Not long after the article “Lucian Freud: the Analytical Eye” appeared, I succeeded Bruce Chatwin as the Sunday Times Magazine’s art adviser, an enjoyable perch, working alongside two old friends of Lucian, Francis Wyndham and Bruce Bernard, before moving to the Observer, where, as art critic, I remained for 23 years.
In that period the term “School of London”, proposed by the painter RB Kitaj and applied to associates of Bacon and Freud – among them Auerbach, Andrews, Leon Kossoff (and Kitaj) – became recognised as a tag useful for promotional reasons yet tiresome for those stuck with the label. It did at least signal a robust faith in the persistence of painting, its essential purpose being, in the widest and deepest sense, modern life portrayed.

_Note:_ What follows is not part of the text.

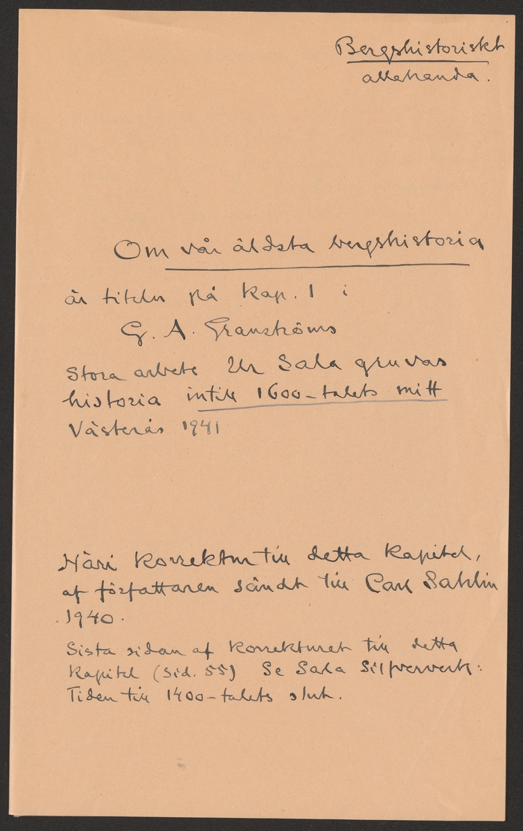 Ämnesordnade handlingar av bergshistoriskt och bergstekniskt innehåll.

In the light of this, Freud’s Large Interior W11 (after Watteau), the centrepiece in As of Now, a group exhibition I put together for the Peter Moores Foundation at the Walker Art Gallery Liverpool in 1983, came to be regarded as something of a frontispiece to the School of London. The idea of a painting of several people in the artist’s recently acquired Holland Park studio, all intimately related to him and not quite connecting with one another, was a take on Watteau, a nod to Courbet’s epic The Painter’s Studio and a demonstration of what could be accomplished on a large scale under generous skylights. Paintings of the outrageous and seemingly larger-than-life dressing-up artist Leigh Bowery followed not long after.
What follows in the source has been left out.